> _Task requirements_:
Scan the records beneath this line for the line holding "مطرزة يدويًا بتفاصيل" and the line holding "Step5:教大家一款画雾面", then transcribe exactly those two and all lines between.

> _Dataset records_:
....

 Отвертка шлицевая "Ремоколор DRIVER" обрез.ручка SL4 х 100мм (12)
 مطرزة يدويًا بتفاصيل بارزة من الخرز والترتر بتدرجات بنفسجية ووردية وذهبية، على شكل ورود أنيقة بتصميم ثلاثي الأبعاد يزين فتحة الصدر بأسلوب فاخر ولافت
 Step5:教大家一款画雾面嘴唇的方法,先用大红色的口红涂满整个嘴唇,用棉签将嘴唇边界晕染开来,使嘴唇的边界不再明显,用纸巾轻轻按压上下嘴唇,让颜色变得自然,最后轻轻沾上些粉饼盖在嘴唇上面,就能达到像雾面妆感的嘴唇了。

....

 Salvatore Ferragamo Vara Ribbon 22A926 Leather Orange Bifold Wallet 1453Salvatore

....

> _Task response_:
 مطرزة يدويًا بتفاصيل بارزة من الخرز والترتر بتدرجات بنفسجية ووردية وذهبية، على شكل ورود أنيقة بتصميم ثلاثي الأبعاد يزين فتحة الصدر بأسلوب فاخر ولافت
 Step5:教大家一款画雾面嘴唇的方法,先用大红色的口红涂满整个嘴唇,用棉签将嘴唇边界晕染开来,使嘴唇的边界不再明显,用纸巾轻轻按压上下嘴唇,让颜色变得自然,最后轻轻沾上些粉饼盖在嘴唇上面,就能达到像雾面妆感的嘴唇了。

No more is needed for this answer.